WORK REQUIRED:
All lines from the one containing "Eulenschnitt Stebričasta sveča" to the end of the listing below should be output exactly; omit the pictures.

SUPPLIED MATERIAL:
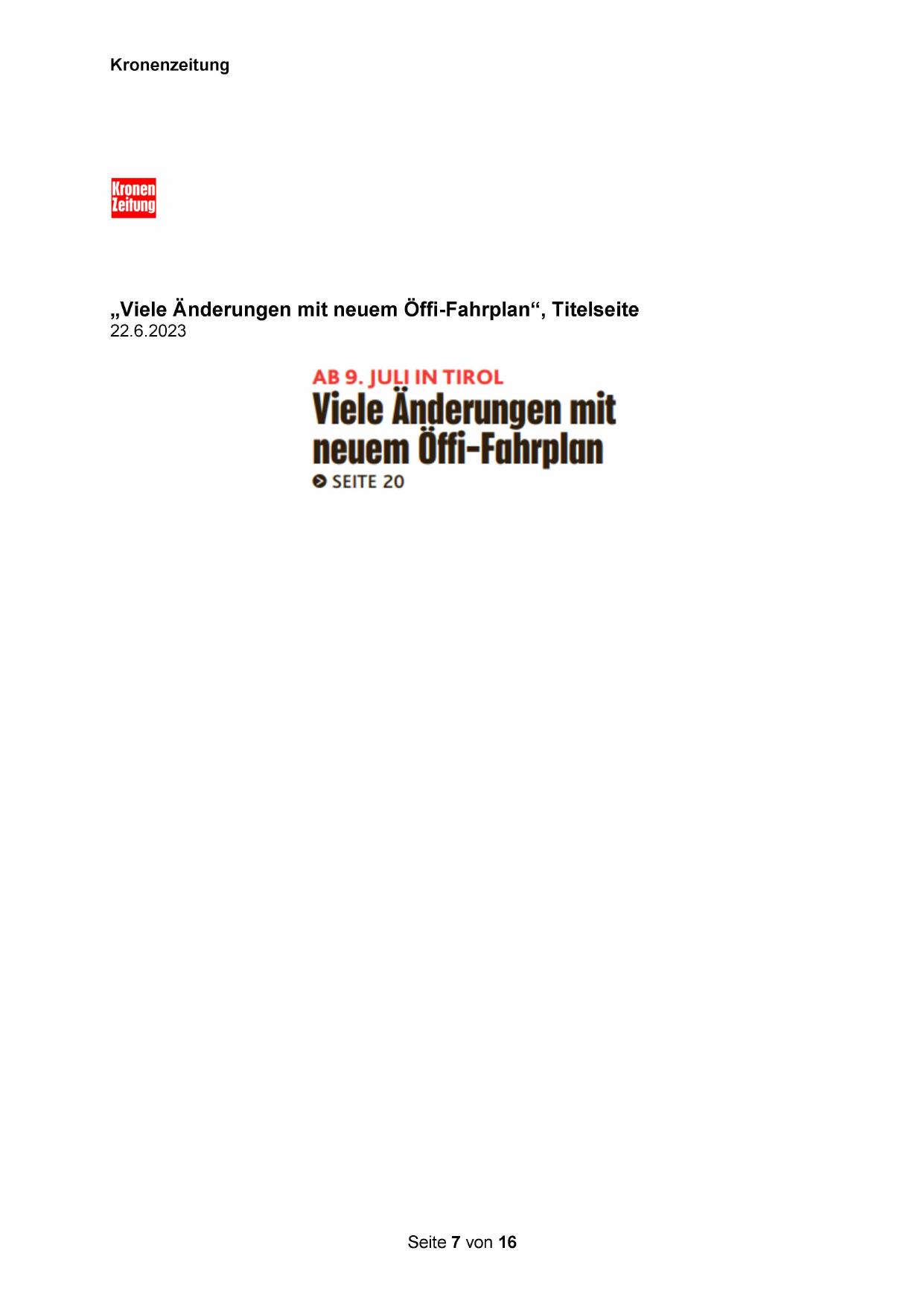 „Viele Änderungen mit neuem Öffi-Fahrplan“, Titelseite
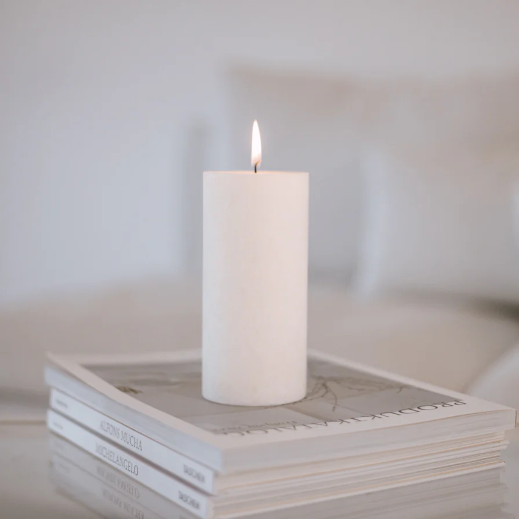 Eulenschnitt Stebričasta sveča iz olivnega voska - velika, bela
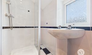 Tiled flooring, three piece in white comprising of mains fed shower enclosure, wc and basin, tiled floor to ceiling, ceiling spot lights, frosted double glazed uPVC window, panel radiator.

TASK SOLUTION:
 Eulenschnitt Stebričasta sveča iz olivnega voska - velika, bela
 Tiled flooring, three piece in white comprising of mains fed shower enclosure, wc and basin, tiled floor to ceiling, ceiling spot lights, frosted double glazed uPVC window, panel radiator.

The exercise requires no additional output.